Just stumbled upon this fascinating historical market theory that's been circulating again, and honestly, it's worth paying attention to. Back in 1875, an Ohio farmer named Samuel Benner analyzed decades of economic patterns and came up with a cyclical model for when to make money in markets. The guy basically identified three repeating periods that supposedly govern financial movements.



The core idea is pretty straightforward: there are specific periods when to make money by buying, specific periods when to make money by selling, and periods when you should basically stay out of the way. According to Benner's analysis, these cycles repeat with rough consistency.

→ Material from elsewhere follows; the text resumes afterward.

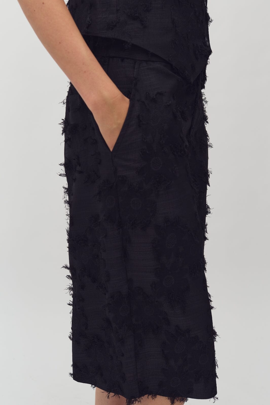 MbyM:n mustat shortsit, joissa on rakenteellinen muotoilu ja kukkakuosi. Shortseissa on polvipituus ja ne on varustettu sekä vetoketjulla että napilla vyötäröllä.
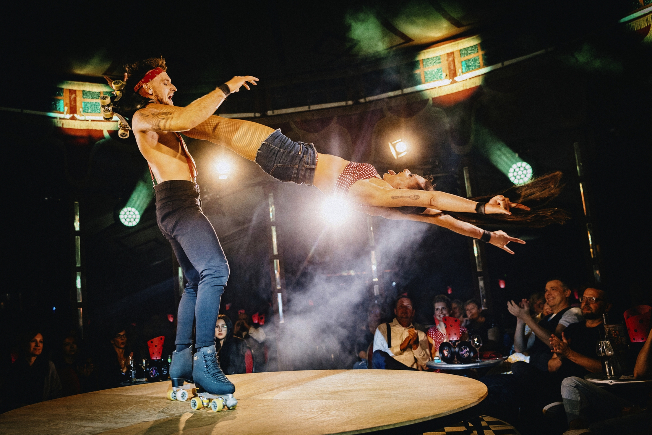 Erleben Sie eine mitreißende Zeitreise zurück in die 1950er-Jahre – mit Haartolle, Petticoat und kreisenden Hüften. Eine energiegeladene Rock’n’Roll-Band bringt den Saal zum Beben, während getanzt, gefeiert und ausgelassen mitgesungen wird. Die fabelhaften Artisten präsentieren ihre Darbietungen ganz im Stil der Zeit und lassen die großen Hits der Fünfziger wieder aufleben.

He identified years of financial panic and crashes that tend to recur roughly every 16-18 years. Years like 1927, 1945, 1965, 1981, 1999, 2019 fit this pattern. The theory suggests these are years to be cautious, not the ideal periods when to make money through aggressive positioning.

Then there are the prosperity years, typically spaced 9-11 years apart. These include 1926, 1935, 1945, 1955, 1962, 1972, and so on. Benner believed these were the actual periods when to make money by selling your positions at peak valuations. The list goes 1998, 2007, 2016, and supposedly 2026 is shaping up to be another one of these peaks.

The third category is what Benner called the buying years, occurring roughly every 7-10 years. 1924, 1931, 1942, 1951, 1958, 1969, 1978, 1985, 1995, 2006, 2011, 2023 were marked as opportunities to accumulate. The theory suggests 2030 and 2041 would follow this pattern.

The practical framework is almost too simple: buy during the recession/low-price years, hold through the good times, then sell when prosperity peaks. Rinse and repeat. What's wild is how this 150-year-old framework keeps getting referenced whenever people try to time markets.

Now here's where it gets interesting for current positioning. If you follow Benner's cycles, we're supposedly entering a transition phase right now in 2026. According to the model, this could be one of those prosperity peaks where you'd want to consider taking profits. Then 2035 supposedly marks another critical inflection point where panic cycles and prosperity cycles align, suggesting potential volatility ahead.

Obviously, this is a historical curiosity more than gospel truth, but the cyclical thinking behind it does reflect something real about market psychology and economic patterns. Whether you're watching traditional markets or crypto cycles, understanding these historical frameworks can help contextualize where we might be in larger market rhythms. The periods when to make money aren't random, and sometimes looking at patterns from a century ago reminds us that markets move in waves, not straight lines.